* _Data segment_:

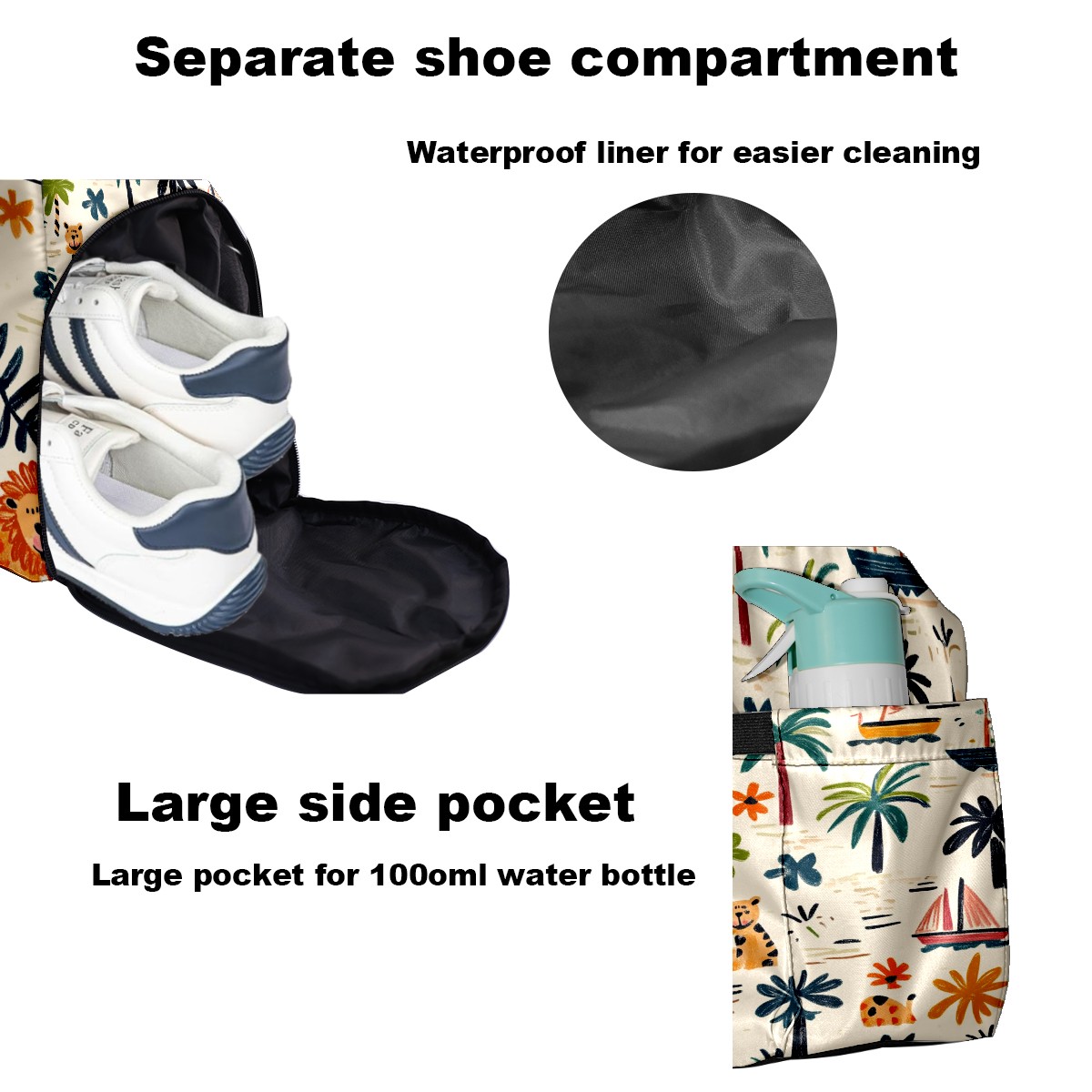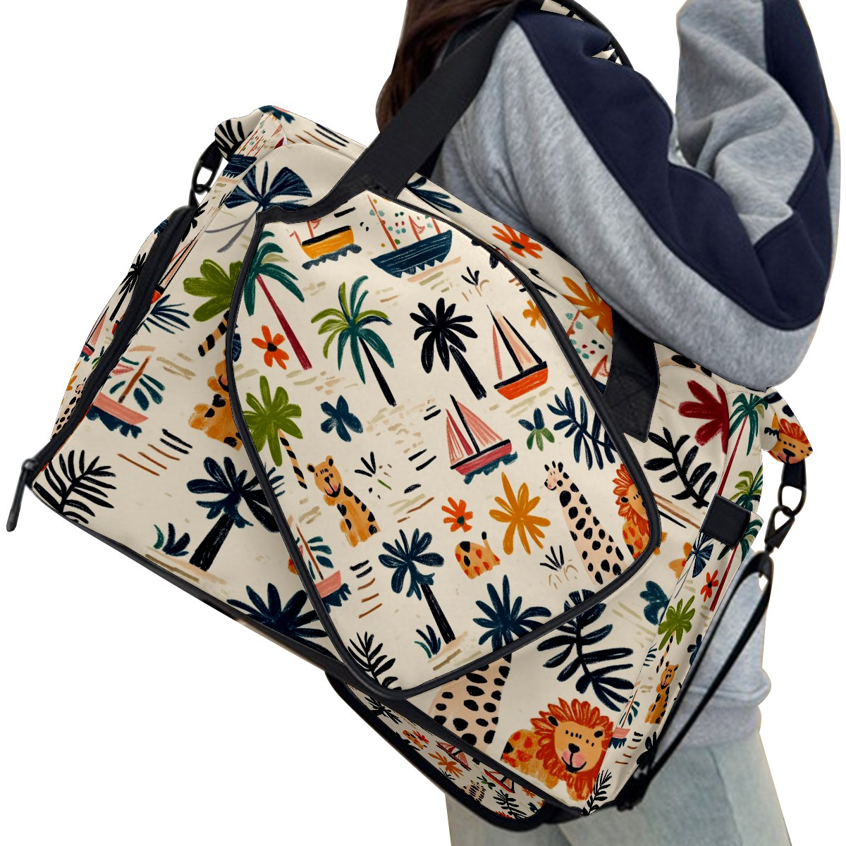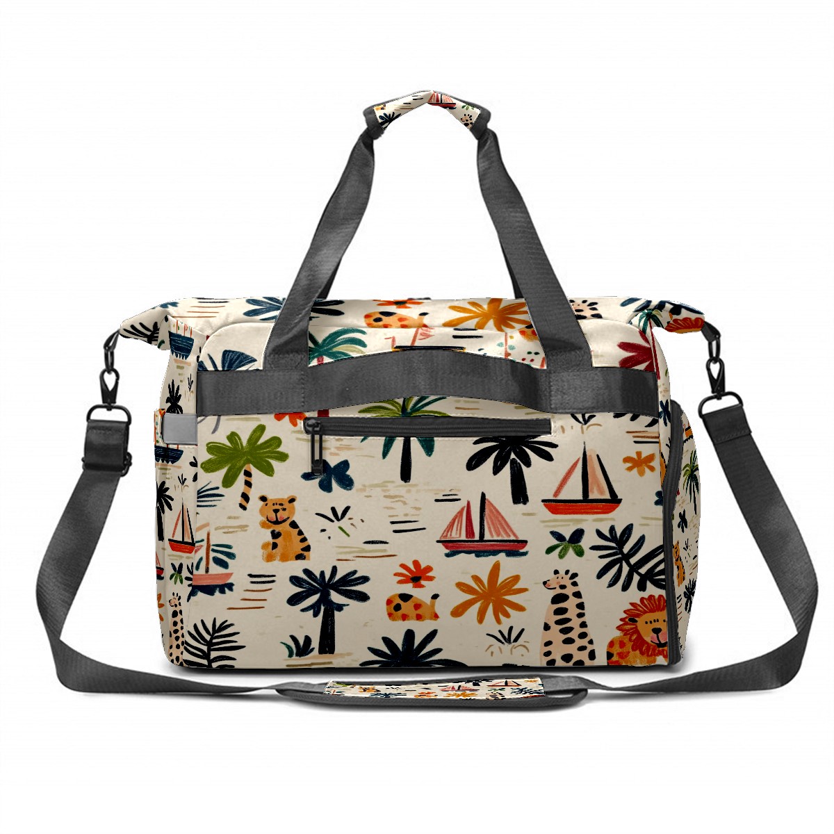 Pickleball Tote Bag Carryall for Paddles Balls and Accessories, Portable Lightweight Gear Bag for Players(Palm Trees Boats And Lions)
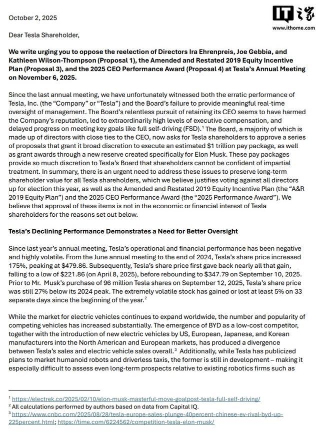 此外,投资者团体反对与马斯克薪酬相关的第 3 号和第 4 号提案。团体批评第 3 号提案将马斯克与员工的股票奖励捆绑在一起,剥夺了股东单独对员工激励方案投票的机会。第 4 号提案,即 1 万亿美元薪酬激励,被认为目标“模糊”“要求过低”,且由“不具独立性的董事会”决定执行方式,缺乏保障。信中还指出,大规模股票奖励可能稀释现有股东权益,并在高波动股价下造成不稳定的价值分配。
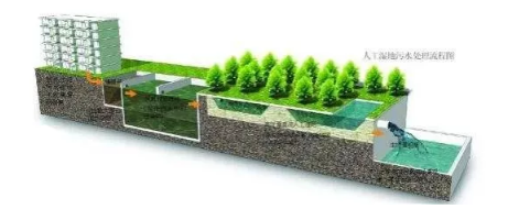 人工濕地的一般工藝流程包括預處理、水生植物池和集水排水3大部分。
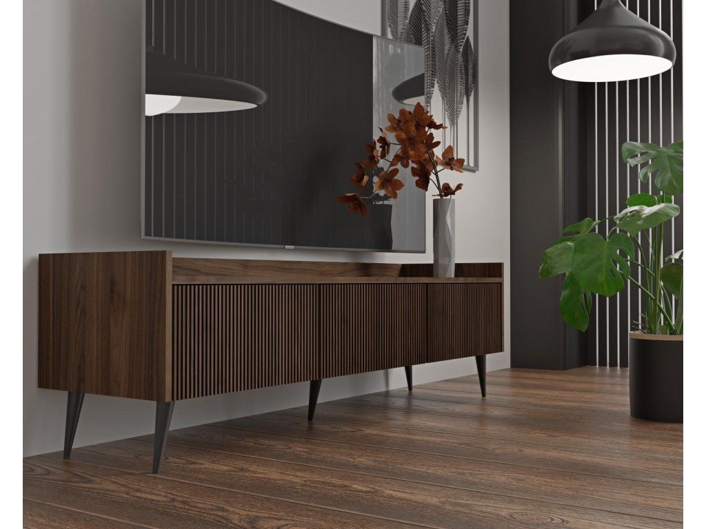 Série nábytku Adleta vyniká elegantním stylem, originalitou a funkčností. Drážkovaná dvířka v kombinaci s krásnou barvou ořechového dřeva se skvěle hodí do různých interiérových konceptů – od moderních až po klasické. Tato sestava zahrnuje knihovnu, noční i konferenční stolek, komody a TV stolky v různých provedeních. Splňuje všechna očekávání náročných uživatelů v oblasti kvality a zpracování.

* _Required action_:
Your copy should run from the line that has "人工濕地的一般工藝流程包括預處理、水生植物池和集水排水3大部分。" through the last line above, exactly, with both ends in and pictures out.

* _Result of this exercise_:
 人工濕地的一般工藝流程包括預處理、水生植物池和集水排水3大部分。
 Série nábytku Adleta vyniká elegantním stylem, originalitou a funkčností. Drážkovaná dvířka v kombinaci s krásnou barvou ořechového dřeva se skvěle hodí do různých interiérových konceptů – od moderních až po klasické. Tato sestava zahrnuje knihovnu, noční i konferenční stolek, komody a TV stolky v různých provedeních. Splňuje všechna očekávání náročných uživatelů v oblasti kvality a zpracování.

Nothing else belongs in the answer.